His game was noiseless, compact, we say -- you could see it in the tight spiral on his shot, in the short, sharp pop of his jump -- and when you watched it, it seemed you were witness not just to the player but to the natural expression of the virtues themselves. And we were cheered by this, we say. We were hopeful. We believed, despite all the threats and temptations in this modern world, that certain principles persisted.
And then some clip from Friday's press conference comes across the screen, and all the precision of his game stumbles and bumbles into those labored lip curls and choked phrases, and we can barely stand to watch.
We're no innocents, we tell you. We know athletes, just like any of us, are vulnerable to character flaws and bad judgment. And we realize, sadly, that some of them, like some of us, will sometimes give in to terrible impulses. So we're not shocked by what has been alleged and admitted to so far. We're not decrying the fall of western civilization like this is the first or the last time such a thing has or will go down.

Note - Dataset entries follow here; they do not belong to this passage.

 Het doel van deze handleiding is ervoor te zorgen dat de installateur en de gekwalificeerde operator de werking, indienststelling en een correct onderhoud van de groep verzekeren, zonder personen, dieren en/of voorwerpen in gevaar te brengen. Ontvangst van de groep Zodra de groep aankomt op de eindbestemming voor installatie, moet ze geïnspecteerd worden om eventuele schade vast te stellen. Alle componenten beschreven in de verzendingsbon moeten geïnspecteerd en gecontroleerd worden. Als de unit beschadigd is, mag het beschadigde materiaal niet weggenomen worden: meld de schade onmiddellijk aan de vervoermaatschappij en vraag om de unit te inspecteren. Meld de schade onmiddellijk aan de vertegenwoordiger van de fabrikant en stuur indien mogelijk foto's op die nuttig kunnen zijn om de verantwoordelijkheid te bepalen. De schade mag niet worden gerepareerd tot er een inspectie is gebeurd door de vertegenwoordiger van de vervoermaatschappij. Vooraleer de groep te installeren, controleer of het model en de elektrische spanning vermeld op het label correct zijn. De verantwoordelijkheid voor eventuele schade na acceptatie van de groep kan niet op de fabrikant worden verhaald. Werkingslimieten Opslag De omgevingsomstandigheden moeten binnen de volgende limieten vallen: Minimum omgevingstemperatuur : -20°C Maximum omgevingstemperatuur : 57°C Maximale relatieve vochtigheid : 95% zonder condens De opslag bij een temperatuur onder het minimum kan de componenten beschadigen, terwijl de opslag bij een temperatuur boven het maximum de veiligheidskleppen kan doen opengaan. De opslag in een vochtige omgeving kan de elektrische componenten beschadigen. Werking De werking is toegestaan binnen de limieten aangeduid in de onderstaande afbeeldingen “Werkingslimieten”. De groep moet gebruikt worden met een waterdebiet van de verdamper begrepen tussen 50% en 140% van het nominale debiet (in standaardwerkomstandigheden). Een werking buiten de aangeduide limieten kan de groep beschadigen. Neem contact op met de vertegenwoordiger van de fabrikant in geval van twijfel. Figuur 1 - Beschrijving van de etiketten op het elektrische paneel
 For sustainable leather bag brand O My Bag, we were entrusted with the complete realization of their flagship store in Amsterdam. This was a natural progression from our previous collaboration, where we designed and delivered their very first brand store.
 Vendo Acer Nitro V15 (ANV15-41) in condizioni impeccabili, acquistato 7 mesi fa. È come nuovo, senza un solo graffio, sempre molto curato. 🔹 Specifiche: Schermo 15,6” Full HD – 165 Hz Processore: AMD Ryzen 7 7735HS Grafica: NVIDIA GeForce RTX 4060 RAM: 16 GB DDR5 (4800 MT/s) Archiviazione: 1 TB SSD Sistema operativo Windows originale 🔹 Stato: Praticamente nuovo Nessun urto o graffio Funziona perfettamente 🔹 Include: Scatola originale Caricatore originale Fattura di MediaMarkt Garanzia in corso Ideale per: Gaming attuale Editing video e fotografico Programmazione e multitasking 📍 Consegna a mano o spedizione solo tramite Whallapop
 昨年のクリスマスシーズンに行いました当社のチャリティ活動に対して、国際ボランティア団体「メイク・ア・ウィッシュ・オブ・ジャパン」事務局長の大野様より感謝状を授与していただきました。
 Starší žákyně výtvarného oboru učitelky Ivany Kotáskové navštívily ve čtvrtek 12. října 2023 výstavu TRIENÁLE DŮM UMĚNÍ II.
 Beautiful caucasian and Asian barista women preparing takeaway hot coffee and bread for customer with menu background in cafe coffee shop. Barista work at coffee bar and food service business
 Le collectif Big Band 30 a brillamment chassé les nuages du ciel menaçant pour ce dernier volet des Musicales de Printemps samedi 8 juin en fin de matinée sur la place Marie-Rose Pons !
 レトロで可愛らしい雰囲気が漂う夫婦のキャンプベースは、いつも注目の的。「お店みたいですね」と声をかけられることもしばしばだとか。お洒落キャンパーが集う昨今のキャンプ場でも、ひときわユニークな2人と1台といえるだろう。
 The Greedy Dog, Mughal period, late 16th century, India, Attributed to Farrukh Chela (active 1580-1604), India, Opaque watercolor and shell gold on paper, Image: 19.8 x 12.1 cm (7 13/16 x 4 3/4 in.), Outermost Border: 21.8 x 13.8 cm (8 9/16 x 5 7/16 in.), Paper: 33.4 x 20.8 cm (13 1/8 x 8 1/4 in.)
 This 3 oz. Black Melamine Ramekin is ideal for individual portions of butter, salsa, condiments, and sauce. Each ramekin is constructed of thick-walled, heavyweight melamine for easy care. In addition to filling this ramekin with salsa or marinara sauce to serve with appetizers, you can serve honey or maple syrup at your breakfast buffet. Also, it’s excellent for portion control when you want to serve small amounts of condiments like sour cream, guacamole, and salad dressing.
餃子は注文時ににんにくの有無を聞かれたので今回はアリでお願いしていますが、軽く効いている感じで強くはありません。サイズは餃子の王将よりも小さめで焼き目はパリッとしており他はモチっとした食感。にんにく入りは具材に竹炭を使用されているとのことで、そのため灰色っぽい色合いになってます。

But we believe in the remarkable exception.
We believed in the Kobe idea, and now we wonder whether it will resurface, and who it will be named for.
We worry that this might be the last of it, actually, worry that the Kobe idea was so strong, so seemingly impervious, and yet it foundered ...
But we put that thought out of our heads.
You ask us if maybe this is a chance to let go, to find the virtues, to cultivate the idea, somewhere other than in the body and spirit of a baller.
We can't hear you. We're meditating on the game, pondering the idea. And, on a channel so deep within us it is barely noticeable at first, sure enough, a name starts to vibrate in our ears.
LeBron. The LeBron idea. Yes. Surely this one will last forever.